Types of Chinese

In 1928, Familie-Journalen printed this illustrated description of what it saw as the three most common types of Chinese people. The accompanying text says (from left to right):

The half-westernized Chinese from the ports of China. He has only been to school for a few years, calls himself student and thanks to the ancestral privilege literate people have always had in China he now claims a right to leadership of the country. It's this half-westernized Chinese who is behind all protests in China, but his misapprehensions of western democratic principles has caused him to spread turmoil wherever he goes and strikes at schools and universities have become a daily occurrence in China. He has learned English at one of the American missionary stations and thinks himself omniscient. In reality his learning is extremely limited.

The old, dignified Chinese who still cleaves to ancient traditions that claim that an imperial government in Beijing is the supreme form of government and all the country's ills have been caused by the republic. He is an incarnation of the ancient, dignified but hopelessly outdated Chinese culture and wisdom.

The fully westernized Chinese. He has studied in Europe or the states and has become so progressive that he's full of contempt for the old, Chinese civilization. But it has become apparent on numerous occasions that these westernized Chinese lack the energy and persistence to continue the what they started in the west. Their knowledge of modern science is very superficial and as a result they're simply blowing in the wind. According to most experts on China it will still take several generations before the Chinese have shaken off their sleep and until that happens the truly destitute China cannot do without the help of the white man.

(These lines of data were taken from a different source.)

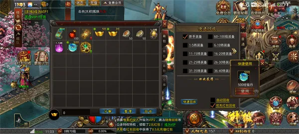 2、开局阶段不要盲目刷野怪,优先推进主线任务。主线不仅经验高,还能依次解锁装备回收、VIP成长、行会系统等关键功能。
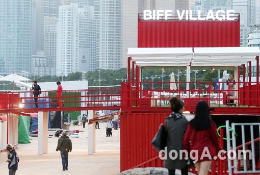 제19회 부산국제영화제(BIFF) 개막 하루를 앞둔 1일 오후 부산 해운대 비프빌리지에서 관계자들이 분주하게 마무리 작업을 하고 있다.
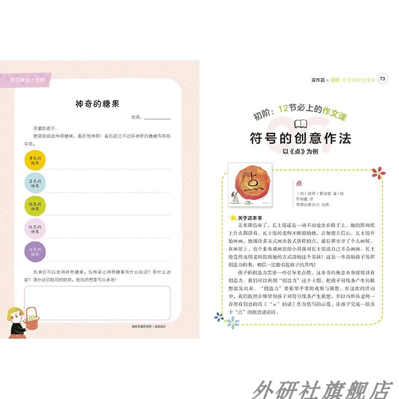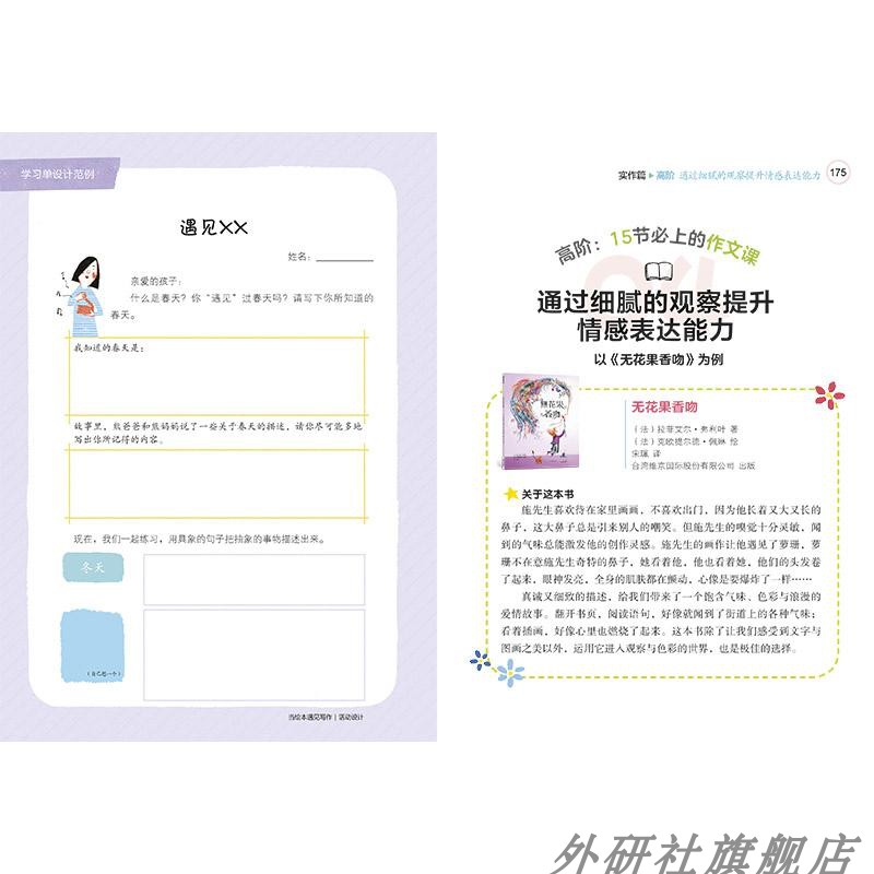 为了不让我的作文教学指导书变得废话连篇,所以我试图跳出过去作文教学指导书的方式,从教措辞开始,用文学作品作为阅读的起点,通过分析作家的文章,引导孩子进行思考、仿写与创作等。这与一般从文体或是思维导图开始进行的作文教学指导书有很大的不同。

Familie-Journalen no. 37, sept. 11 1928 p. 34.

It was apparently the magazine's view that the peasants and workers who made up the overwhelming majority of the Chinese population weren't typical of it. What the magazine did find typical about them was their supposed backwards nature and ignorance about the modern world that made them incapable of managing the country without the ”help” of ”the white man.”

Given that Familie-Journalen mostly reprinted material from Amalgamated Press, one of the world's largest publishing houses with publications across the British Empire, the article is most likely of English origin.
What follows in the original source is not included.